WHAT IS NEEDED >> Please reproduce all of the listing below exactly and drop its images.

STORED DATA >>
++++++++

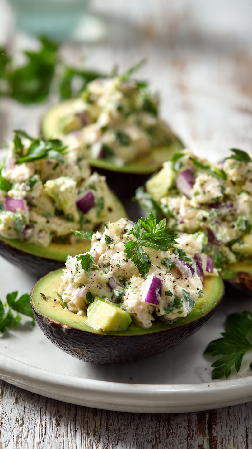 🥑✨ Avocats Farcis à la Salade Crémeuse au Poulet – Fraîcheur Chic et Gourmande
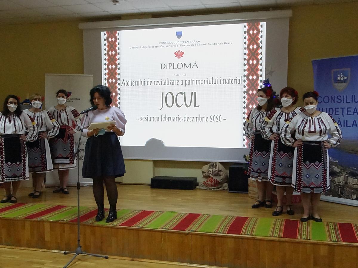 * de câțiva ani, la Centrul de Creație Brăila funcționează Atelierul de revitalizare a patrimoniului etnografic imaterial – “Jocul”, unde 25 de educatoare, învățătoare și profesoare vin în fiecare marți să învețe dansuri populare * apoi, cadrele didactice au grijă ca toți pașii de dans și toate tehnicile pe care le deprind la cursuri să le transmită mai departe elevilor de la clasă, ba chiar în unele școli s-au înființat și ansambluri populare * iar pentru a le arăta și mai bine copiilor ce înseamnă curajul și pasiunea pentru tradiții și pentru dansul popular, în urmă cu o lună, 12 membre ale Formației “Jocul” au participat la emisiunea “Românii au talent”, acolo unde au obținut 4 de “DA!”
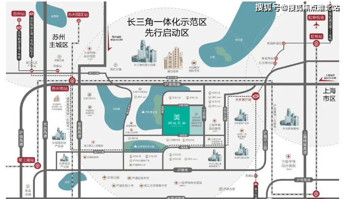 交通配套:距苏州南站(在建)约 7 公里,2024 年建成后 20 分钟直达上海虹桥;规划苏州轨交 10 号线、上海 17 号线、嘉兴 3 号线三轨交汇。周边还有 G50 沪渝高速、G1521 常嘉高速、常台高速,形成辐射上海、苏州、湖州的一小时经济圈。
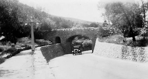 From left to right: [Photo of early Buena Vista Bridge from the base of Mt. Rubidoux, with Loring property on the far side of the bridge and Little Rubidoux at the upper left edge. Seventh Street runs east toward downtown in the middle of the photo (Courtesy of Marjorie Kjellburg Conry), Early photo of a car passing under Buena Vista Bridge. (Courtesy of Nancy Cox)

++++++++

RESPONSE BOX >>
 🥑✨ Avocats Farcis à la Salade Crémeuse au Poulet – Fraîcheur Chic et Gourmande
 * de câțiva ani, la Centrul de Creație Brăila funcționează Atelierul de revitalizare a patrimoniului etnografic imaterial – “Jocul”, unde 25 de educatoare, învățătoare și profesoare vin în fiecare marți să învețe dansuri populare * apoi, cadrele didactice au grijă ca toți pașii de dans și toate tehnicile pe care le deprind la cursuri să le transmită mai departe elevilor de la clasă, ba chiar în unele școli s-au înființat și ansambluri populare * iar pentru a le arăta și mai bine copiilor ce înseamnă curajul și pasiunea pentru tradiții și pentru dansul popular, în urmă cu o lună, 12 membre ale Formației “Jocul” au participat la emisiunea “Românii au talent”, acolo unde au obținut 4 de “DA!”
 交通配套:距苏州南站(在建)约 7 公里,2024 年建成后 20 分钟直达上海虹桥;规划苏州轨交 10 号线、上海 17 号线、嘉兴 3 号线三轨交汇。周边还有 G50 沪渝高速、G1521 常嘉高速、常台高速,形成辐射上海、苏州、湖州的一小时经济圈。
 From left to right: [Photo of early Buena Vista Bridge from the base of Mt. Rubidoux, with Loring property on the far side of the bridge and Little Rubidoux at the upper left edge. Seventh Street runs east toward downtown in the middle of the photo (Courtesy of Marjorie Kjellburg Conry), Early photo of a car passing under Buena Vista Bridge. (Courtesy of Nancy Cox)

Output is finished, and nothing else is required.